“É válido rir, fazer
graça, denunciar o que está de errado, criar situações irreverentes. O humor (...)
vale quando é livre de qualquer (...) limitação. Mas se deve estar liberto de
censura e conceito, ao mesmo tempo em que tenha algum compromisso ético e
justo, quem haverá de deter o poder de lhe ditar o rumo e a forma, com completa
isenção e preparo? O meu limite não é o seu limite. Uma pessoa tem tolerâncias
diferentes em cada situação e diferentes de outras pessoas. Nossas visões,
reações e gostos se diferenciam, misturam, conflitam e divergem, pois somos
todos únicos. O que me fere e causa repulsa numa piada social, pode ser natural
e bem assimilado por outra pessoa (...).
O humor deve
visar à crítica, não à graça, ensinou Chico Anysio, o humorista popular. E
disse isso quando lhe solicitaram considerar o estado atual do riso brasileiro.
Nos últimos anos de vida, o escritor contribuía para o cômico apenas em sua
porção de ator, impedido pela televisão brasileira de produzir textos. E o que
ele dizia sobre a risada ajuda a entender a acomodação de muitos humoristas
contemporâneos. Porque, quando eles humilham aqueles julgados inferiores, os
pobres, os analfabetos, os negros, os nordestinos, todos os oprimidos que
parece fácil espezinhar, não funcionam bem como humoristas. O humor deve ser o
oposto disto, uma restauração do que é justo, para a qual desancar aqueles em
condições piores do que as suas não vale.

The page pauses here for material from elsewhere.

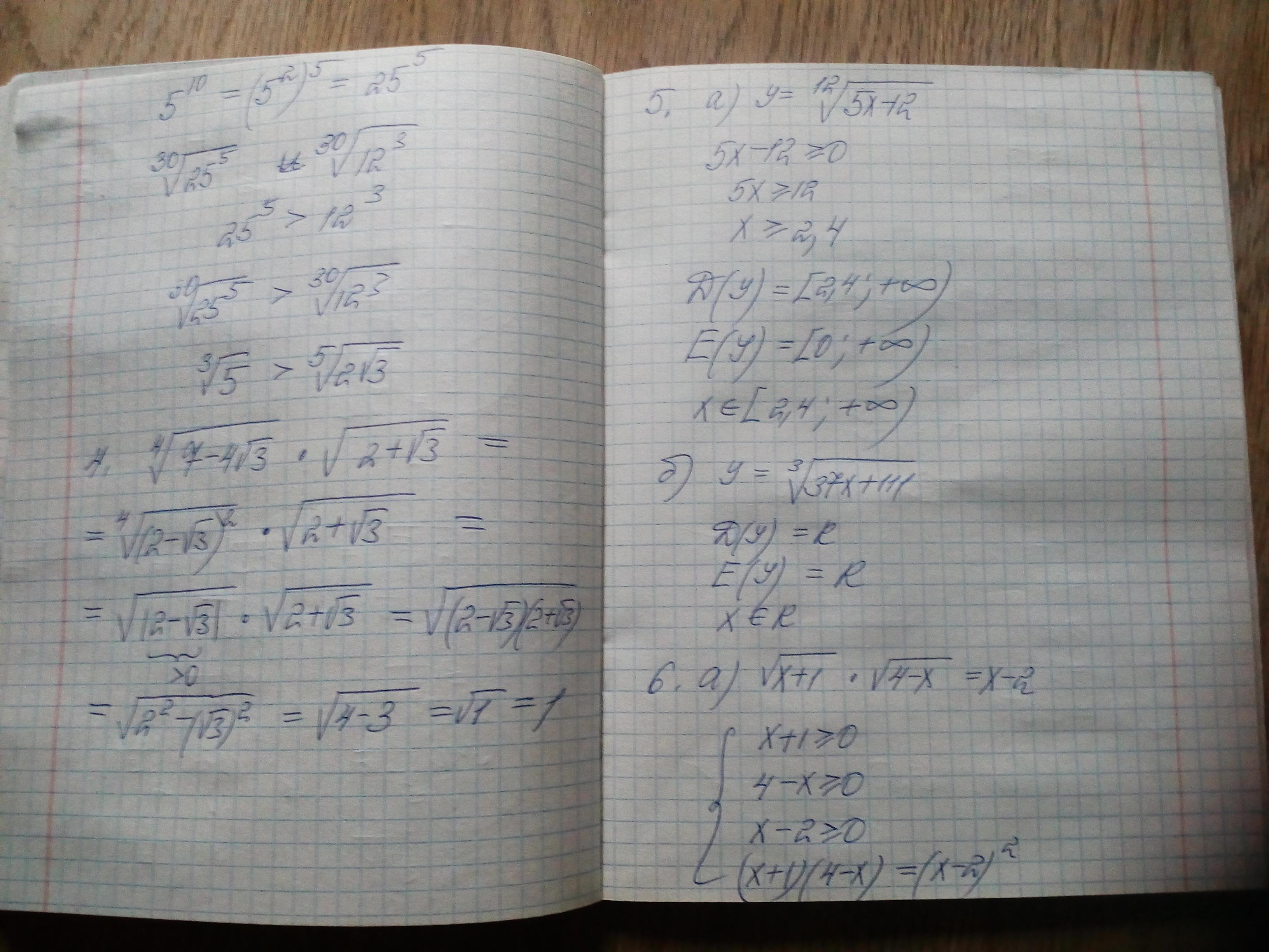 5х-12≥0 5х≥12 |:5 x≥2,4. ⇒ x∈[2,4;+∞).

Rimos, isso sim, do superior, do
arrogante, daquele que rouba nosso lugar social.
O curioso é perceber como o
Brasil de muito tempo atrás sabia disso, e o ensinava por meio de uma imprensa
ocupada em ferir a brutal desigualdade entre os seres e as classes. Ao
percorrer o extenso volume da História da Caricatura Brasileira (Gala Edições),
compreendemos que tal humor primitivo não praticava um rosário de ofensas
pessoais. Naqueles dias, humor parecia ser apenas, e necessariamente, a
virulência em relação aos modos opressivos do poder.

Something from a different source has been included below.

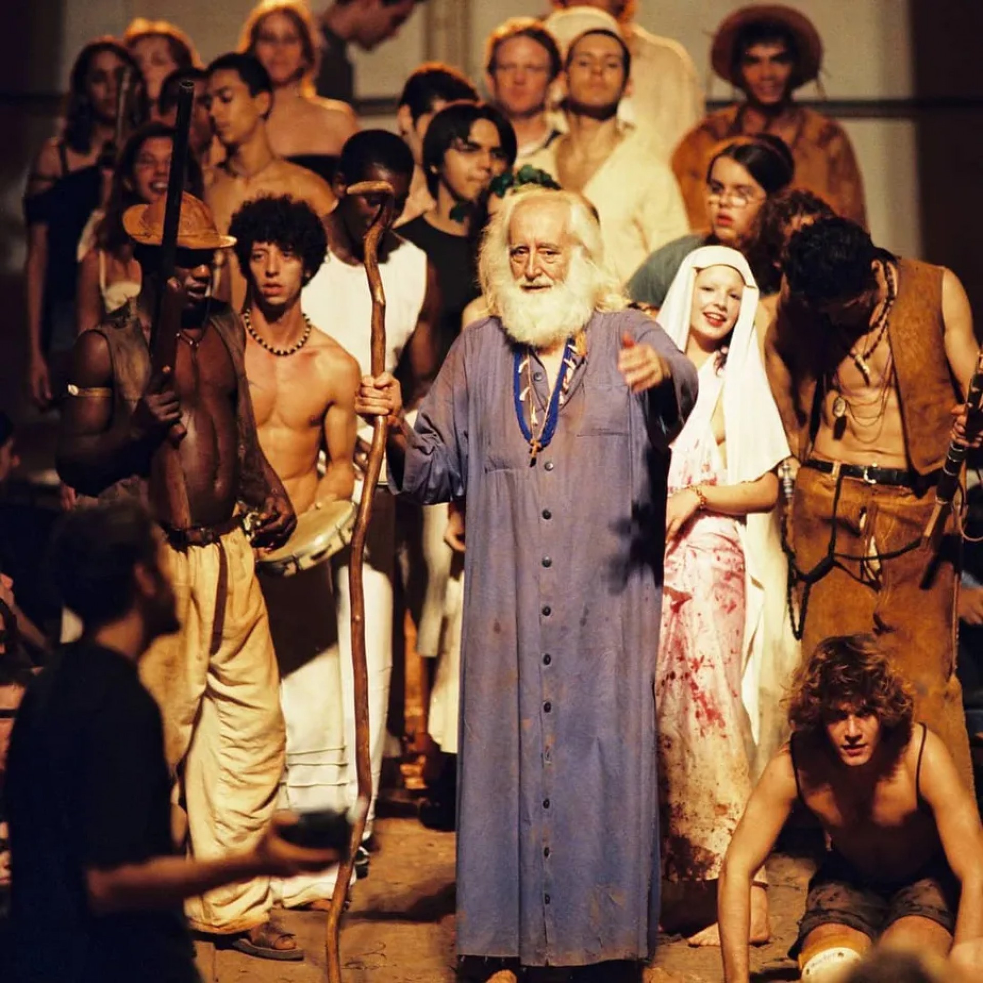 Nem mesmo Zé Celso e Antônio Conselheiro ou Euclides da Cunha se sustentam como protagonistas. O centro do espetáculo é o coro, que trabalha a plateia como seu prolongamento. O todo é como uma grande festa, uma grande diversão, embora no particular haja todos os teatros, desde as tragédias gregas, passando por Shakespeare, pelo teatro de rua, até o teatro de revista. Zé Celso rege a manifestação da multidão às vezes de dentro, como um mestre de reisado, às vezes na beira do campo, como um treinador de futebol. Todo o elenco do Oficina trabalha de olho em cada pessoa da plateia, trocando energias, observando seus mínimos movimentos. Improvisa, reage, mexe com o público, por isso, cada apresentação é imprevisível, diferente e única.

Fazer rir é uma arte, e como em toda arte há
bons artistas e maus artistas. Há bons músicos e maus músicos, há bons pintores
e maus pintores, há bons humoristas e maus humoristas. O estranho é que, mesmo
assim, quando publicam uma música de mau gosto, que transforma a mulher em
objeto sexual, por exemplo, não se fala em proibi-la, retirá- la de circulação; quando o artista elabora uma pintura obscena, que ofende os bons
costumes, às vezes vira vanguardista, transgressor, e faz sucesso. O humorista,
por outro lado, é o alvo da vez.
Talvez porque haja exageros. No pretexto de
fazer humor, piadistas chegam a extravasar essa esfera e atingir a dignidade, a
reputação e a imagem alheia, causando danos sociais muitas vezes irreparáveis. [...]

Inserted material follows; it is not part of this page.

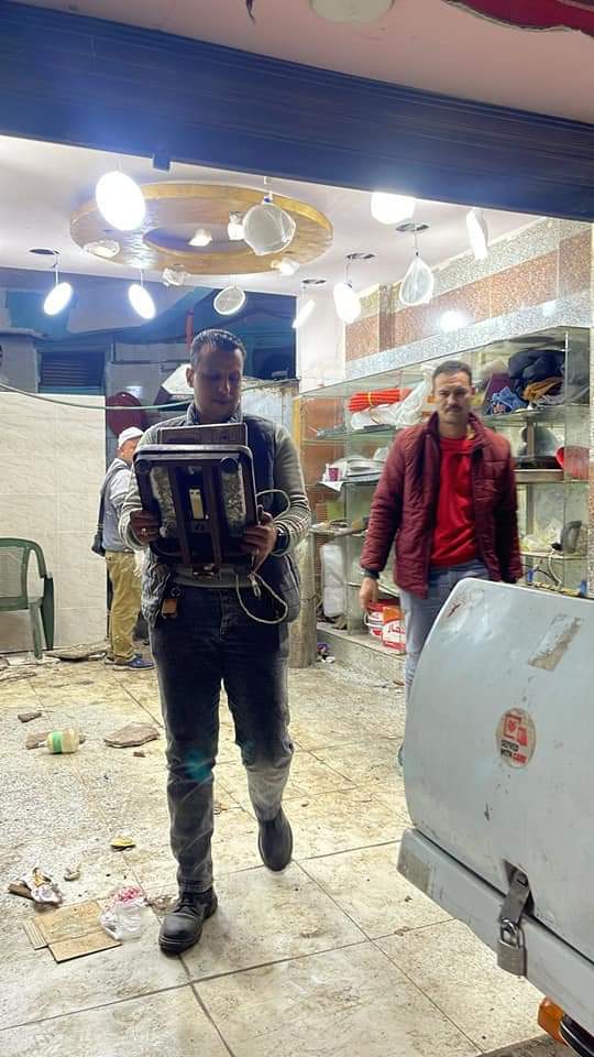 إيقاف أعمال تشطيب محل مخبوزات بدون تصريح وإزالة مبنى مخالف في العمرانية (صور)

Não se pode tolher o humorista de fazer graça
com diferenças genéricas, atribuíveis a pessoas indeterminadas. Há abuso a ser
coibido, contudo, a partir do momento em que o comediante aponta
especificamente o “Fulano de Tal" e, com base em uma característica que
lhe é própria, tira sarro, diminui, ridiculariza aquela pessoa determinada. Aí
cabe ao Poder Judiciário impor as sanções cabíveis para desincentivar condutas
desse jaez. De resto, que se permita o humor para alegrar nossas vidas.
Constituição Federal, Art. 5º Todos são iguais perante a lei, sem
distinção de qualquer natureza, garantindo-se aos brasileiros e aos
estrangeiros residentes no País a inviolabilidade do direito à vida, à
liberdade, à igualdade, à segurança e à propriedade, nos termos seguintes:
(...) IV - é livre a manifestação do pensamento, sendo vedado o anonimato;
(...) IX - é livre a expressão da atividade intelectual, artística, científica
e de comunicação, independentemente de censura ou licença (...).
PROPOSTA DE REDAÇÃO: A partir do material de apoio e com base nos conhecimentos construídos ao longo de sua formação, redija um texto dissertativo-argumentativo sobre o tema: “Caminhos para conciliar humor e liberdade de expressão no Brasil do século 21”. Apresente proposta de intervenção social que respeite os direitos humanos. Selecione, organize e relacione, de maneira coerente e coesa, argumentos e fatos para defesa de seu ponto de vista.